Kulinarnie sobie dziś z Młodym zrobiliśmy Dzień Dziecka i upiekliśmy babki. Przepis jest tak prosty , a wykonanie tak ekspresowe, że zaczęłam podejrzewać, że Młody sam by se z nimi poradził, gdybym mu tylko na to pozwoliła :D
SKŁADNIKI:
- 2 szklanki mąki
- 2/3 szklanki cukru
- 2 łyżeczki proszku do pieczenia
- 1 szklanka mleka
- 100 g roztopionego i ostudzonego masła
- 1 jajko
- 3 gruszki
Gruszki obieramy, kroimy w kosteczkę.
Wszystkie składniki, oprócz owoców mieszamy starannie.
Do papilotek wlewamy odrobinę ciasta. Później wrzucamy po kilka kostek gruszek.
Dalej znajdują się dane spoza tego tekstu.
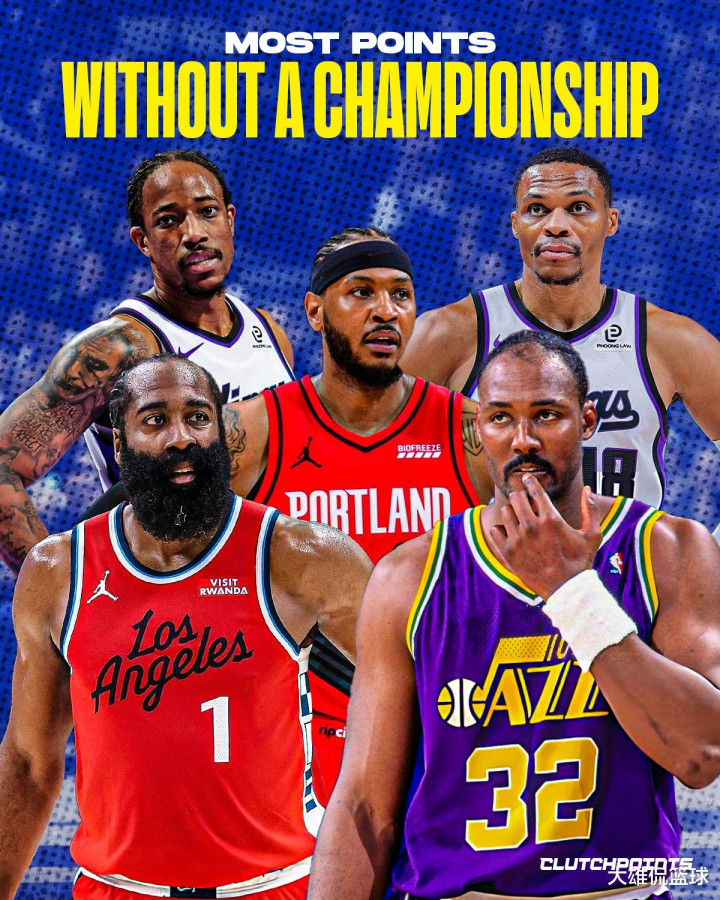 因为NBA历史上还有很多伟大的得分手,他们虽说没有拿到过总冠军,可是论得分能力,有些球星,不亚于这些拥有总冠军的球员。为此,美媒晒出了NBA历史上没有总冠军的球员中,职业生涯得分最多的9人,其中威少、詹姆斯哈登和德罗赞三名现役球星都在这份名单中。
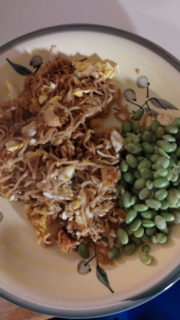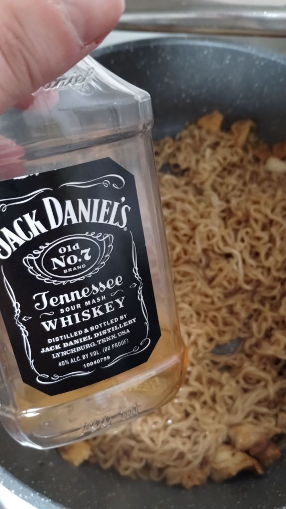 - Scoop the the noodles into an oiled/buttered frying pan. get whiskey, drink whiskey, pour some whiskey on the noodles and add spices. add some water so spices mix easily. Then move the noodles to the side and add an egg in the center. When it’s semi cooked then cut it up and mix with noodles.

Dopełniamy papilotki ciastem tak, aby były pełne do 2/3 wysokości.
Pieczemy około 20 minut w temperaturze 200 stopni w piekarniku.
K O N I E C
Ej, ej, ej ...jeszcze najlepsza część - jedzenie. Dzieciaki zadowolone? :D
chętnie wypróbuję, ale napisz proszę co to są za składniki oprócz gruszek, z których robi się ciasto;)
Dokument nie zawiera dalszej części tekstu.